▶ **DATA**
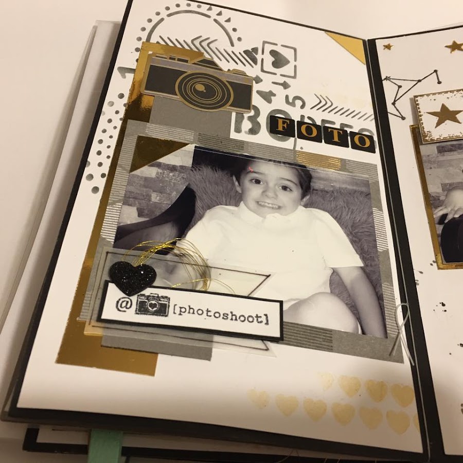 He usado papeles de Docraft, en tonos oro, negro grises y blancos, también he utilizado cartulinas texturizadas de los mismos tonos.
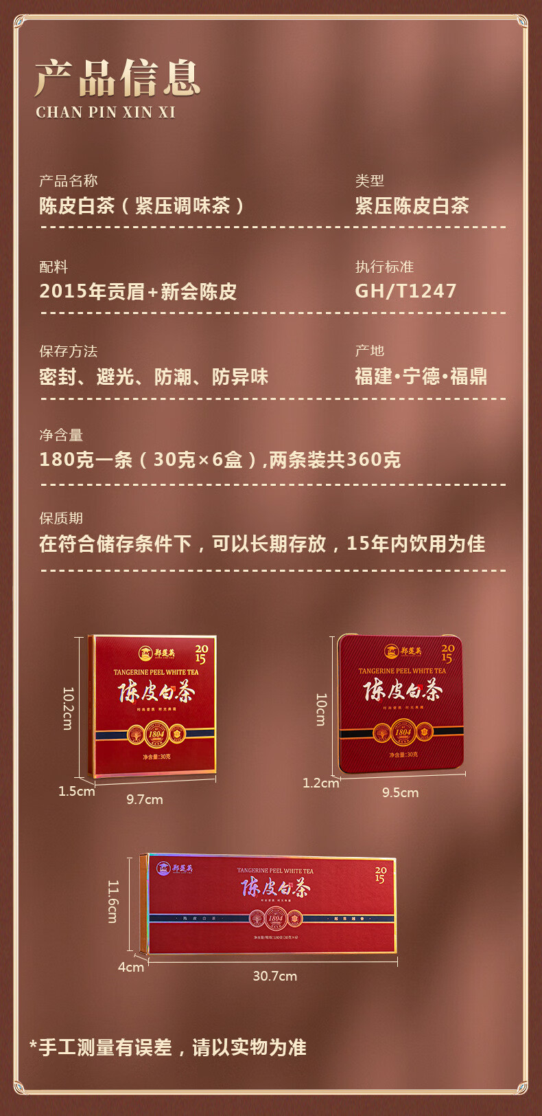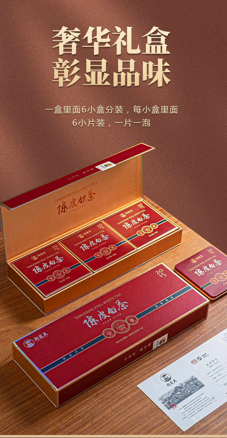 ZHENGLIANYING Tangerine Peel White Tea 2015 Gongmei Xinhui Tangerine Peel Pressed Tangerine Peel White 900g (5 pieces gift bag + stew teapot
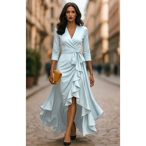 Linea ad A Asimmetrico Abito da Sera Elegante Manica 3/4 Scollo a V Matrimonio Formale Tasca Raso con Fiocco/Fiocchi Volant
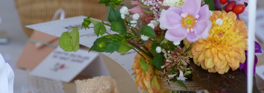 Le mois de septembre a été très clément avec (enfin ! ) quelques bonnes pluies et j’avais donc encore beaucoup de diversité au jardin, avec des dahlias au meilleur de leur forme. Caroline souhaitait des compositions colorées et des dahlias, cette fleur revêtant pour sa famille une signification particulière. J’ai donc confectionné 16 petits centres de table en associant les dahlias à des fleurs plus légères, à quelques feuillages et baies automnales.

▶ **PROBLEM STATEMENT**
Restate the material above exactly. Exclude all pictures.

▶ **RESPONSE TO THIS TASK**
 He usado papeles de Docraft, en tonos oro, negro grises y blancos, también he utilizado cartulinas texturizadas de los mismos tonos.
 ZHENGLIANYING Tangerine Peel White Tea 2015 Gongmei Xinhui Tangerine Peel Pressed Tangerine Peel White 900g (5 pieces gift bag + stew teapot
 Linea ad A Asimmetrico Abito da Sera Elegante Manica 3/4 Scollo a V Matrimonio Formale Tasca Raso con Fiocco/Fiocchi Volant
 Le mois de septembre a été très clément avec (enfin ! ) quelques bonnes pluies et j’avais donc encore beaucoup de diversité au jardin, avec des dahlias au meilleur de leur forme. Caroline souhaitait des compositions colorées et des dahlias, cette fleur revêtant pour sa famille une signification particulière. J’ai donc confectionné 16 petits centres de table en associant les dahlias à des fleurs plus légères, à quelques feuillages et baies automnales.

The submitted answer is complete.